___ Recorded data ___

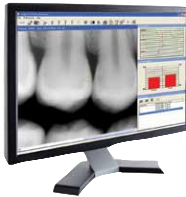
• Logiciel Logicon Caries Detector • Logicon Caries Detector Software
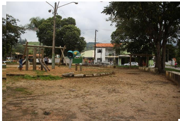
Foto 4 Situação da Praça, janeiro 2018
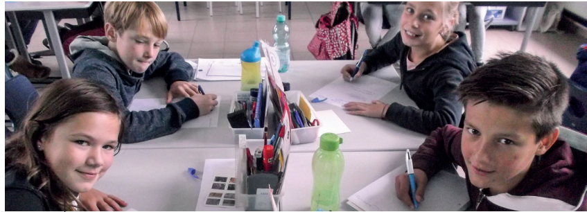
BRIEVEN SCHRIJVEN HELPT ÉCHTI DOE JE OOK MEE?

Ook wij worden uitgenodigd door Amnesty International om deel te nemen aan de schrijfmarathon die georganiseerd wordt van 5 december tot 31 december 2015. Over gans de wereld worden brieven geschreven om aan te kaarten dat de rechten van mensen geschonden worden.

___

§ Task to carry out: I would like the material repeated in full and exactly, with its images omitted.

§ Response to this task:
• Logiciel Logicon Caries Detector • Logicon Caries Detector Software
Foto 4 Situação da Praça, janeiro 2018
BRIEVEN SCHRIJVEN HELPT ÉCHTI DOE JE OOK MEE?

Ook wij worden uitgenodigd door Amnesty International om deel te nemen aan de schrijfmarathon die georganiseerd wordt van 5 december tot 31 december 2015. Over gans de wereld worden brieven geschreven om aan te kaarten dat de rechten van mensen geschonden worden.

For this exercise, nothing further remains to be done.